Need help with loading junk data

General
General covers Articles, Reference documentation, FAQs, Downloads and Blogs that do not belong to a specific subject area. General-purpose Articles about everything and anything
Enthusiast

Need help with loading junk data

Source: Sql server  Source field : Varchar(max)

Charcterset: Latin1_General_CP1_CL_AS

 

Loading through informatica TPT and characterset defined in the connetion is : UTF8.

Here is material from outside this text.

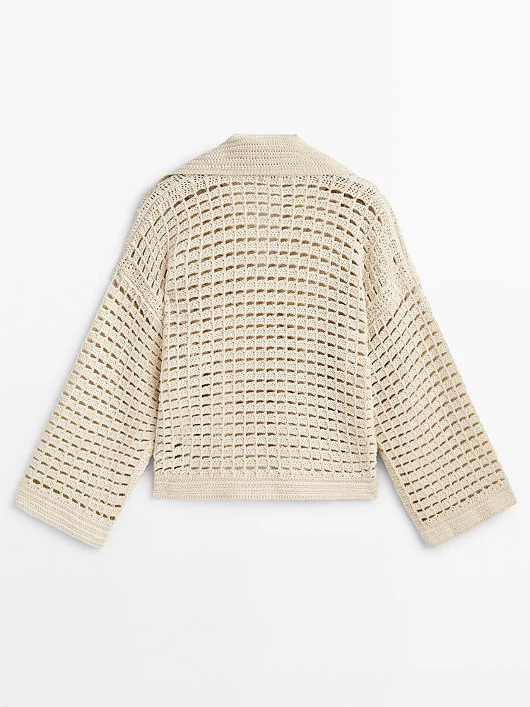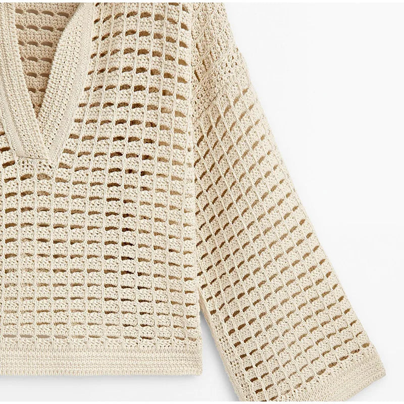 Pre Order:  Beige Knitted Hollow Out Top

Trying to load to the column for which charset defined as "unicode". But facing untransaltable charter issue.

target column:  DESCRIPTION VARCHAR(8000) CHARACTER SET UNICODE NOT CASESPECIFIC,

 

Data that trying to load is actually mail content, which has smiley symbols etc.  Any idea how to load this kind of data ?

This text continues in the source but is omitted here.